» **What is needed**
Print, exactly as they stand, the lines below from the one that has "A enormous open" to the one that has "Signed and dated", inclusive, leaving out the pictures.
*** Opening Records provided ***
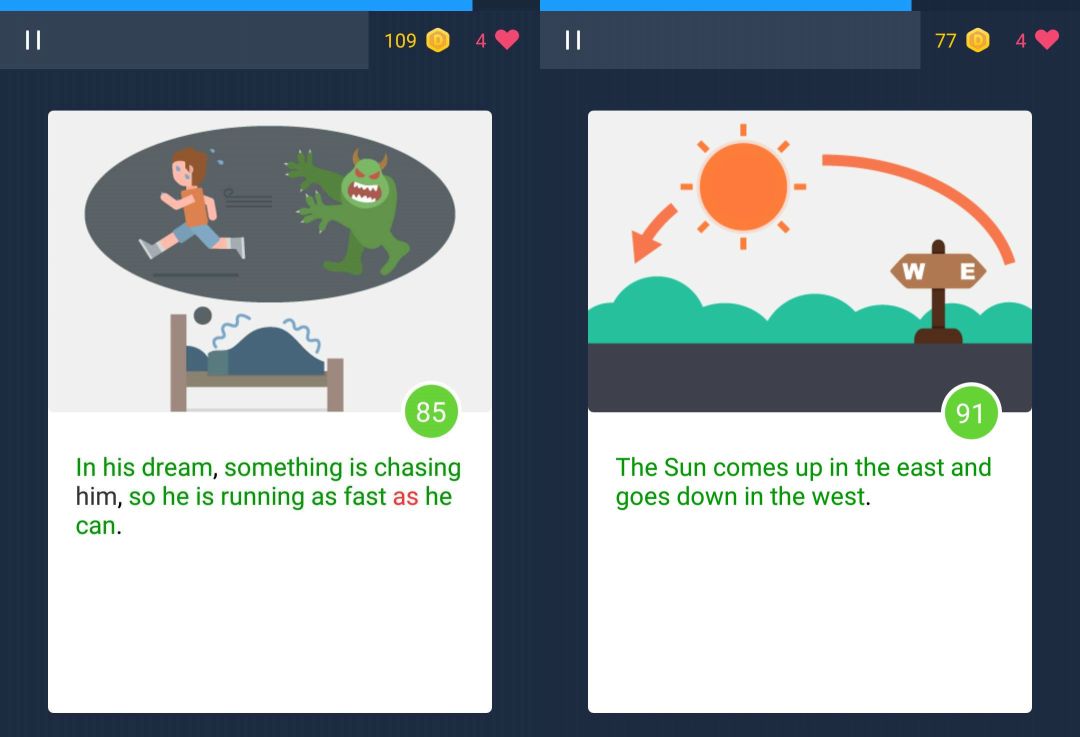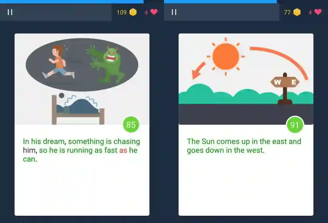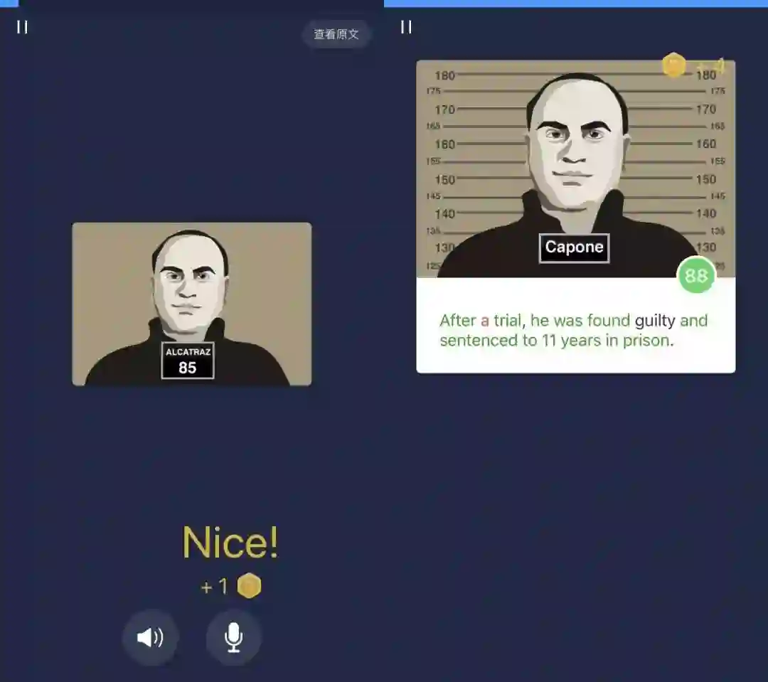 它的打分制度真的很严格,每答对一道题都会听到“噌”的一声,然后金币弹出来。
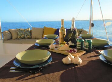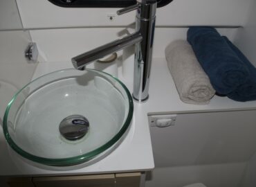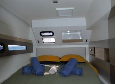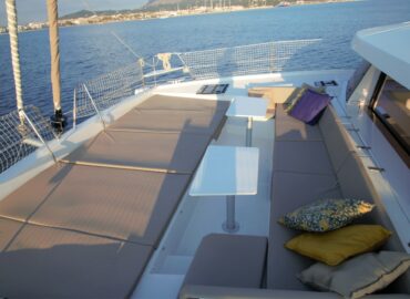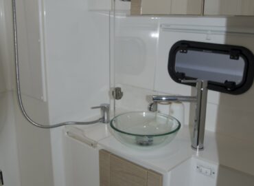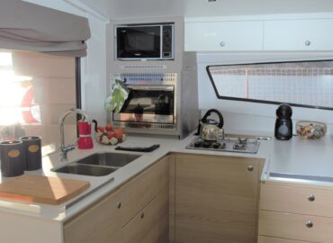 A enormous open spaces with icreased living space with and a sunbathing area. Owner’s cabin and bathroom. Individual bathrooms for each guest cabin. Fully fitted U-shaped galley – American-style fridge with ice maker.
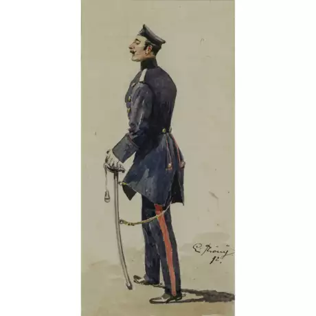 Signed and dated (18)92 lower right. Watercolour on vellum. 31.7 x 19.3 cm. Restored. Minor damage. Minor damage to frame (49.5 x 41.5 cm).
*** Closing Records provided ***
*** Opening Records provided ***
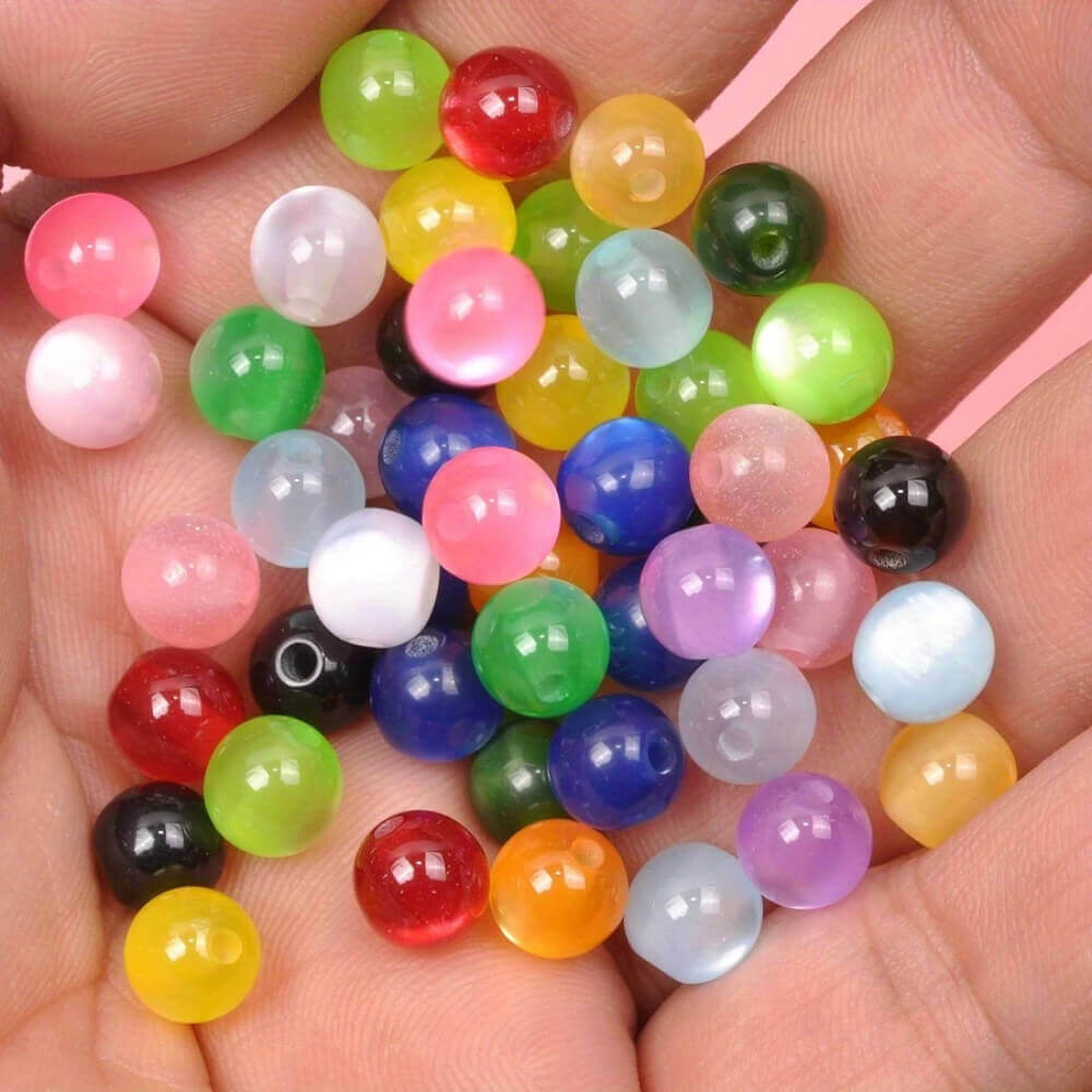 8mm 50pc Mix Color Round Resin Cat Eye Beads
*** Closing Records provided ***
*** Opening Records provided ***
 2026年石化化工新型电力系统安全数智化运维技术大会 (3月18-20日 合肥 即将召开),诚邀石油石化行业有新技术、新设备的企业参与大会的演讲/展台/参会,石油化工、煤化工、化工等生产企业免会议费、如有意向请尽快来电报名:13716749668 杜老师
*** Closing Records provided ***
» **Exercise result**
 A enormous open spaces with icreased living space with and a sunbathing area. Owner’s cabin and bathroom. Individual bathrooms for each guest cabin. Fully fitted U-shaped galley – American-style fridge with ice maker.
 Signed and dated (18)92 lower right. Watercolour on vellum. 31.7 x 19.3 cm. Restored. Minor damage. Minor damage to frame (49.5 x 41.5 cm).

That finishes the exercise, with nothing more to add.